Yesterday, @alankruthahaha, Twitter user, wrote a long thread of sitting next to the actor in the plane for three hours, rereading all the details of his interaction on his breath, out of breath ("He likes Easy A!" "He eats pretzels fast enough!"). She has been rewarded with thousands of tastes. It is good to know that Chalamet is patient enough to spend his flight chatting endlessly with an enthusiastic fan, but that does not prevent the subsequent reporting from being incredibly scary.
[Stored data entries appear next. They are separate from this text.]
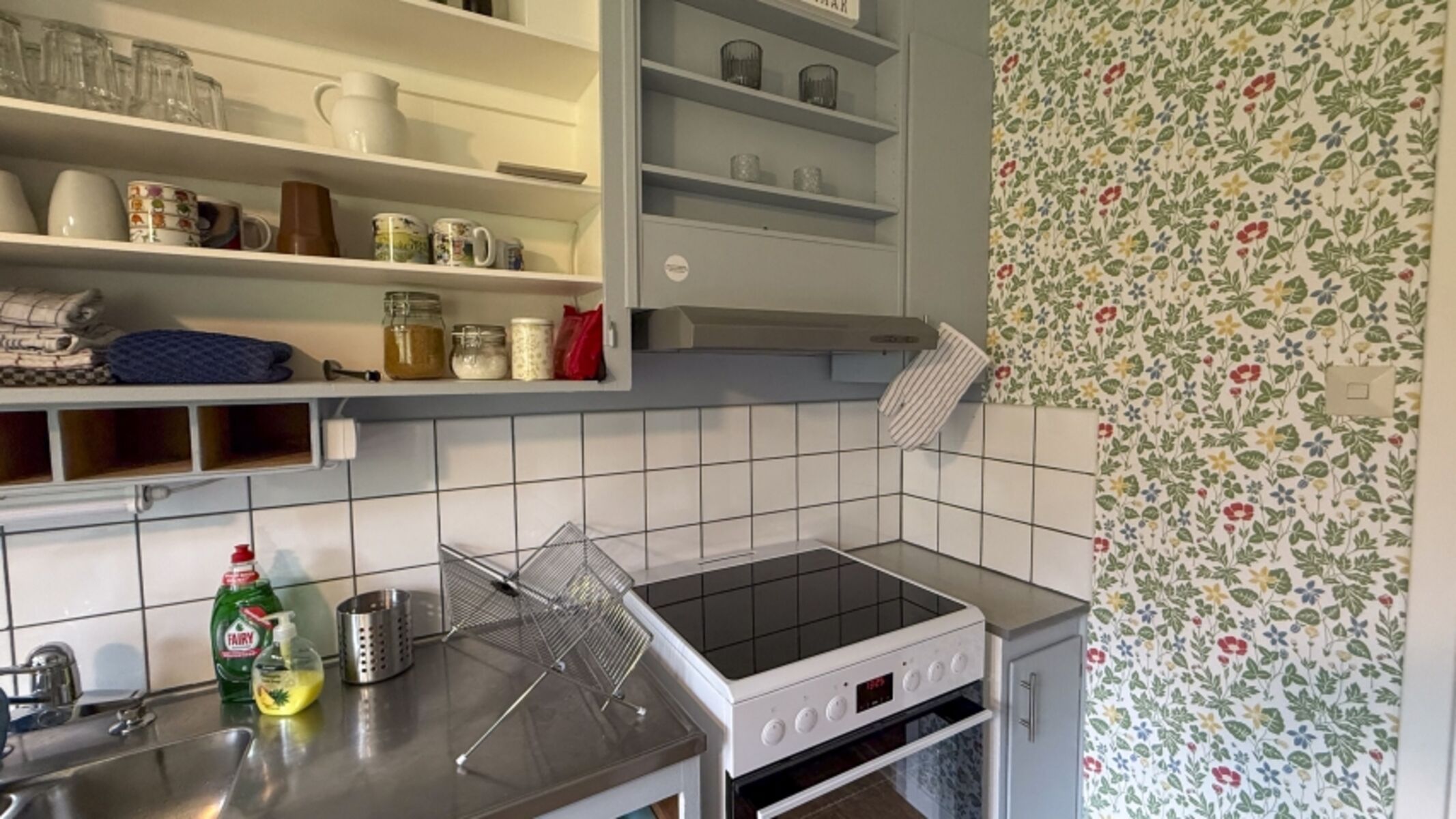 Die Küche hat einen kleinen Essbereich mit Tisch und Stühlen. Alles, was man üblicherweise rund um die Zubereitung von Speisen benötigt, ist vorhanden. Fragen Sie uns, wenn Sie etwas Konkretes benötigen!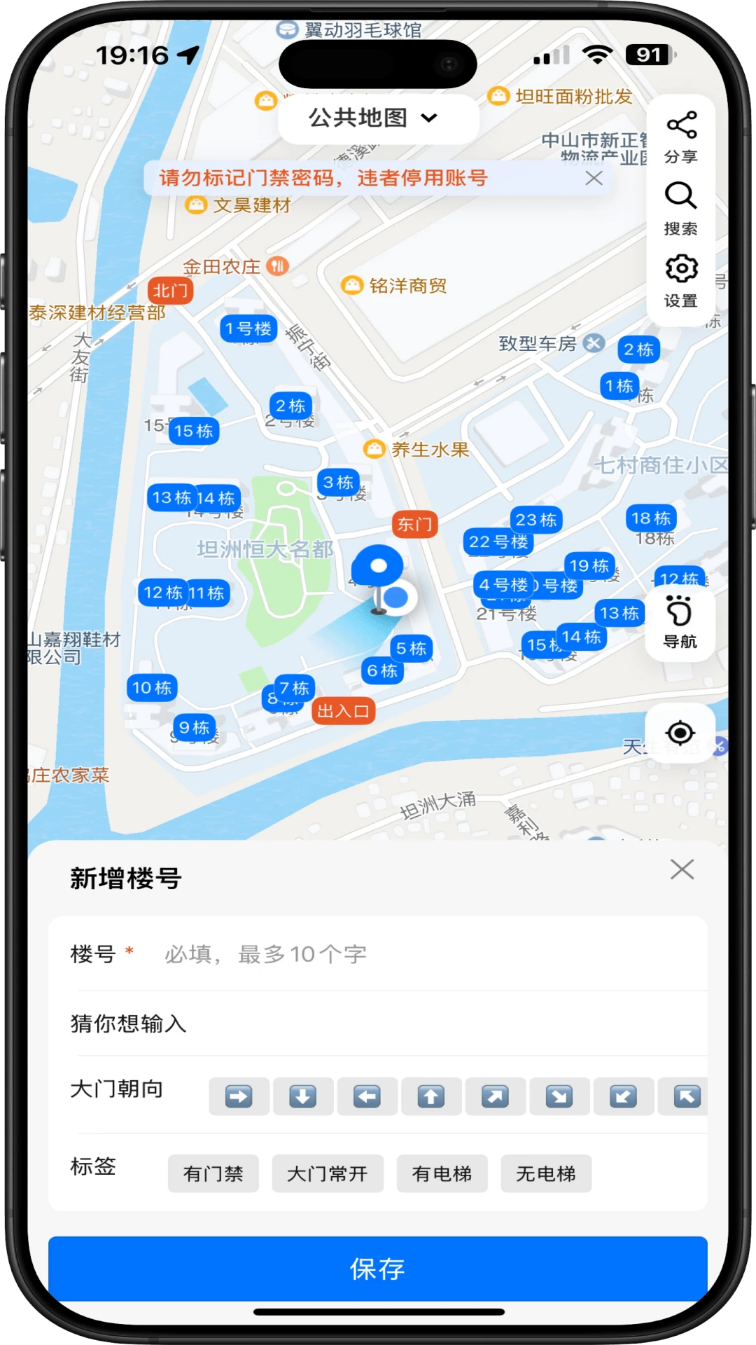 精准楼号标注:覆盖全国多个小区楼栋信息,支持小区搜索,一键找到目标楼号。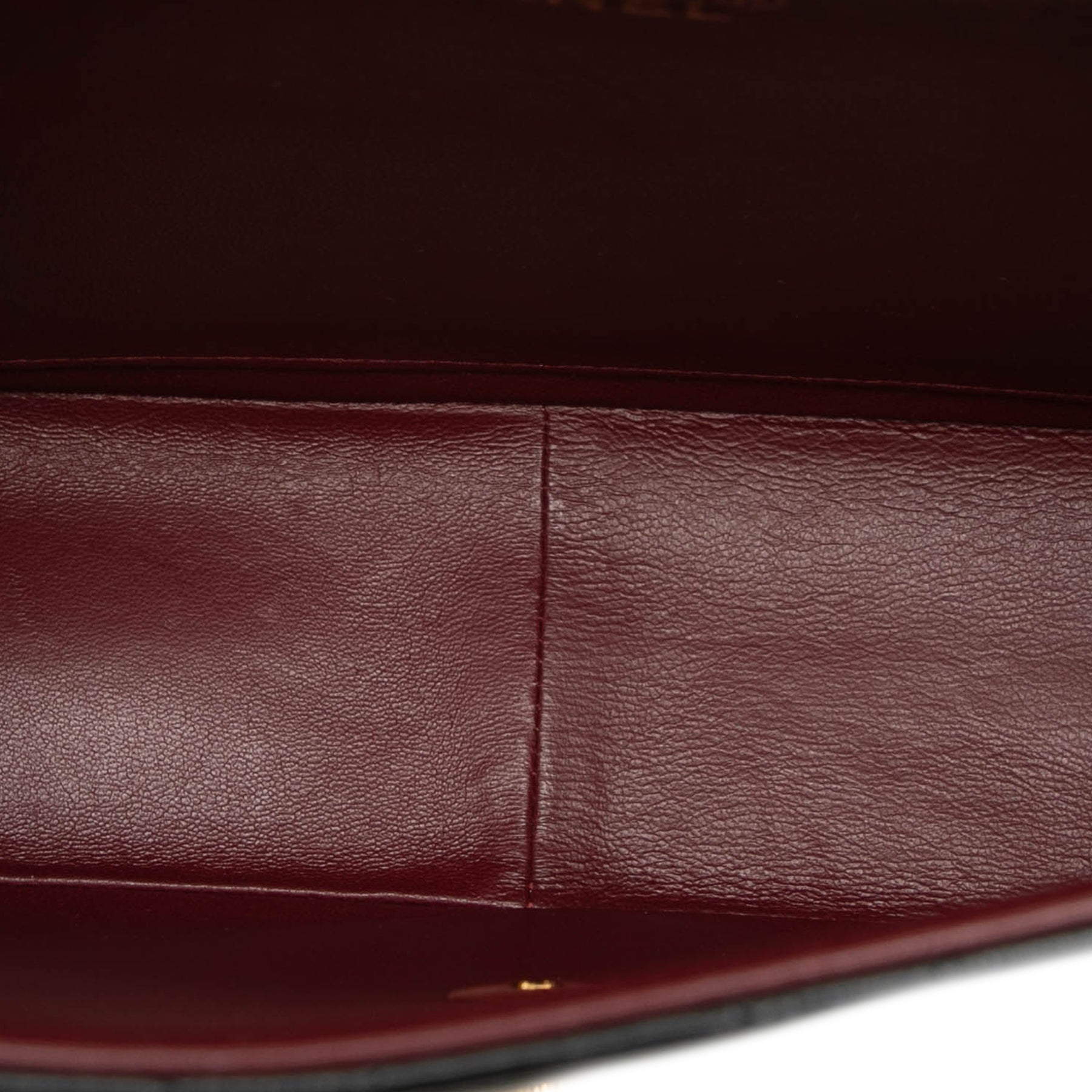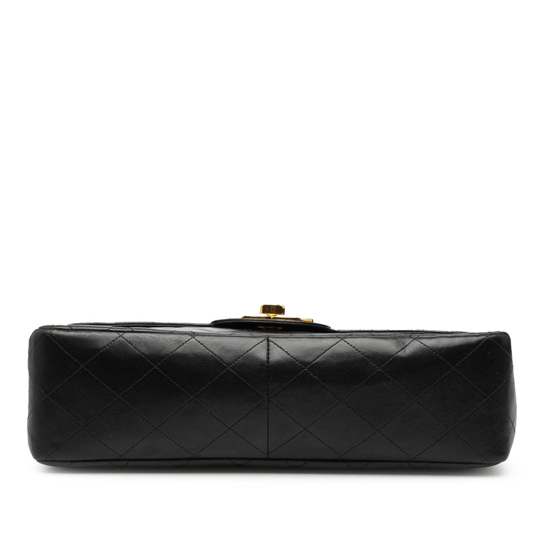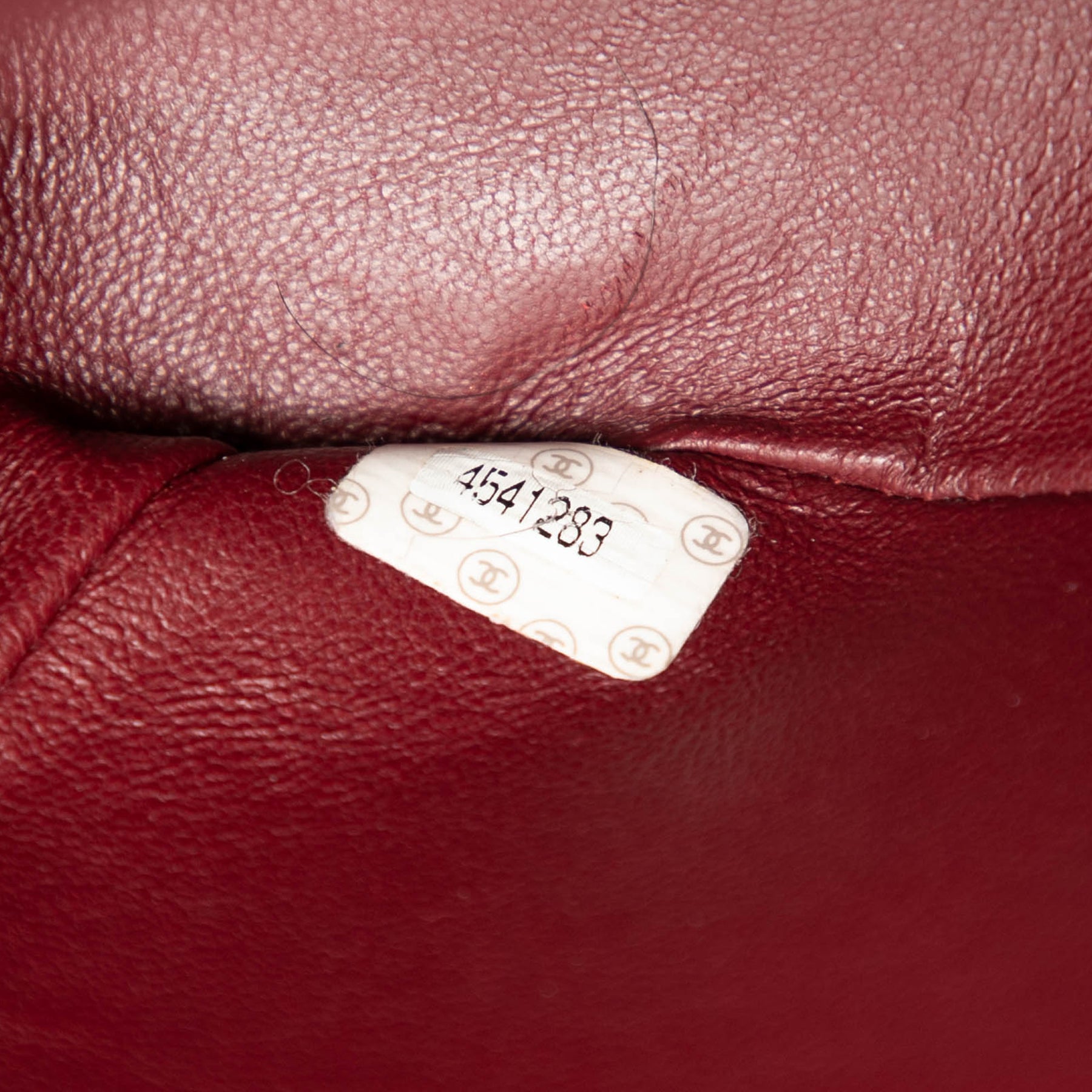 Ce sac à rabat est confectionné en cuir d'agneau matelassé, avec des bandoulières en chaîne de cuir tressé, un rabat avant orné de deux C entrelacés et d'une fermeture à tourniquet, une poche plaquée extérieure au dos, ainsi que des poches intérieures zippées et plaquées. Il est en bon état.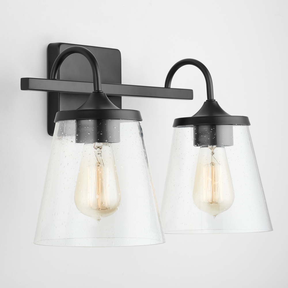 The wide cone seeded glass on this 2-Light Vanity is suspended by a simple arched arm and tapered metal cap makes it a timeless shape for any bathroom vanity.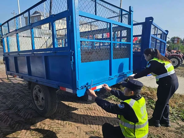 同時(shí),積極開(kāi)展“亮尾行動(dòng)”。民警深入田間地頭和農(nóng)戶家中,為沒(méi)有粘貼反光標(biāo)識(shí)和反光標(biāo)識(shí)陳舊的農(nóng)用車輛及農(nóng)業(yè)機(jī)械粘貼反光標(biāo)識(shí),消除事故隱患。農(nóng)民朋友有的是沒(méi)時(shí)間或不知道到哪里買反光標(biāo)識(shí),宣傳民警親自上門免費(fèi)粘貼,為他們解決了實(shí)際困難,農(nóng)民朋友表示由衷的感謝。
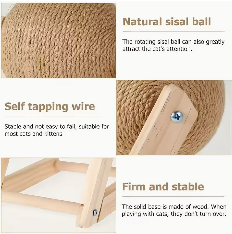 Interactive rotating sisal ball on a wooden frame for your cats' play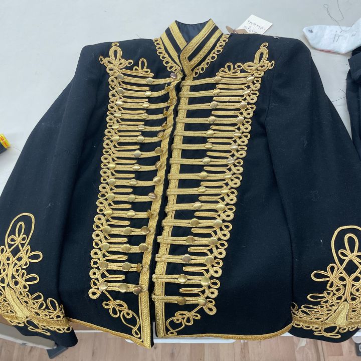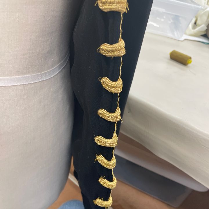 I was also in charge of rigging jackets for a quick change. The entire set up was hand sewn. I closed all of the button holes and reattached the buttons in the proper places. I also added a panel with seven snaps to close the jacket and make the rigging unnoticeable.
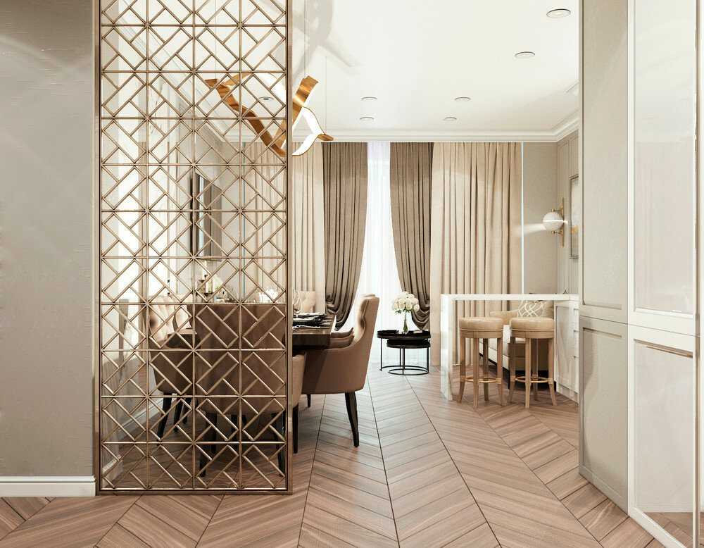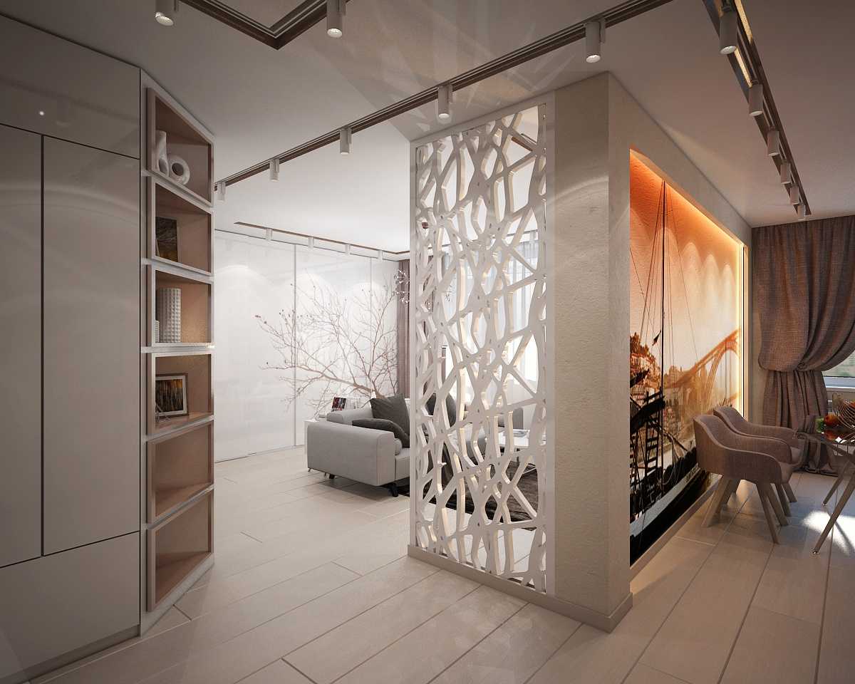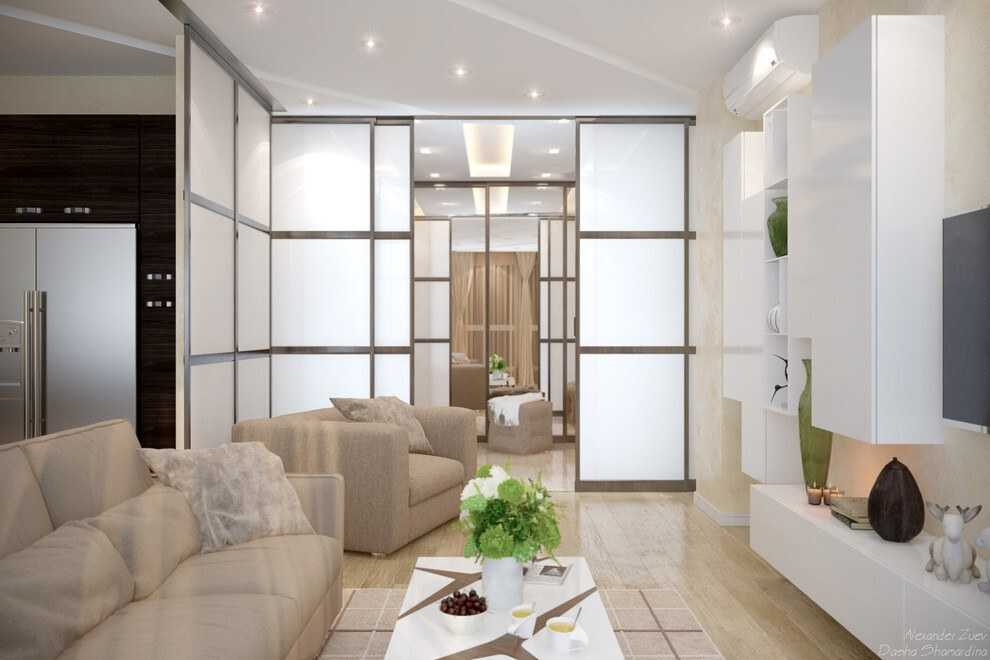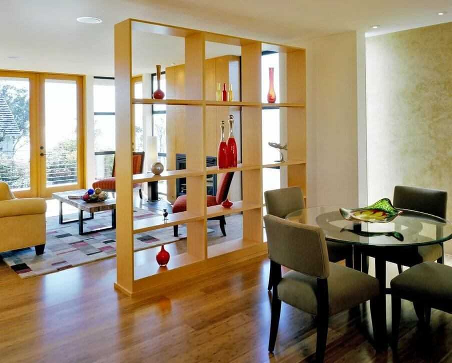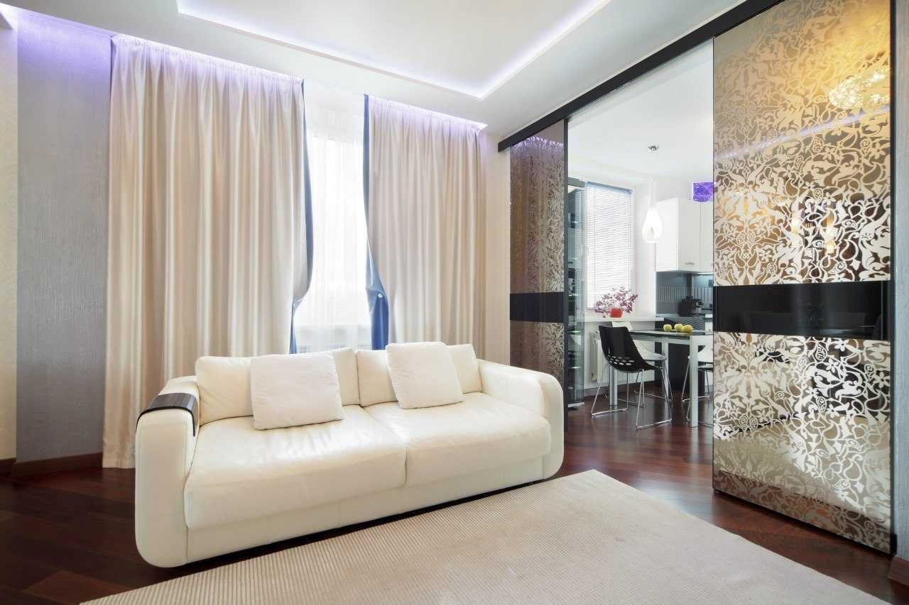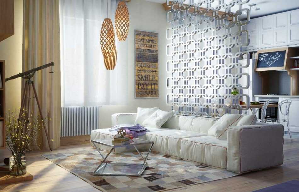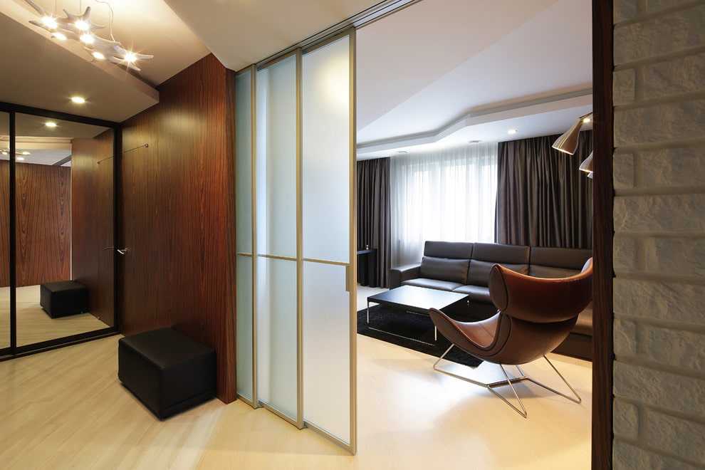 В современной планировке зала перегородки и ширмы играют важную роль. Стильные стеклянные, пластиковые и деревянные перегородки способны создать уникальную атмосферу комнаты и разделить пространство на функциональные зоны.

This is not the first time anyone has suffered an invasion of their privacy. on a plane. Last July, a woman tweeted live the behavior of a naughty couple sitting in front of her, taking their picture without consent. By the time she was done, #Planebae had a global trend, and it was just as scary. Such behavior is not limited to airplanes – see the idiot who tweeted Greta Gerwig's reaction to the film I Feel Pretty from the movies while the film was spinning – but they seem to take the lion's share. And this may be because planes are strange spaces to occupy.
They have the distinction of being both public and extremely intimate. When you get on a plane, you can possibly be stuck next to anyone. a celebrity, coquettish foreigners, a tetchy couple. And you're stuck there for hours. In the street, their behavior would only be visible for a fraction of a second, but on a flight, you can see a whole story unfold. It's a lot more convincing.
But, of course, that does not give you the right to blame him online because you have no control over what happens once you do it. The author of Chalamet's tweets may not have expected them to come alive, and she certainly would not expect them to be treated in the media. But his story should be a warning: if you want to tweet a conversation on a plane, do not do it.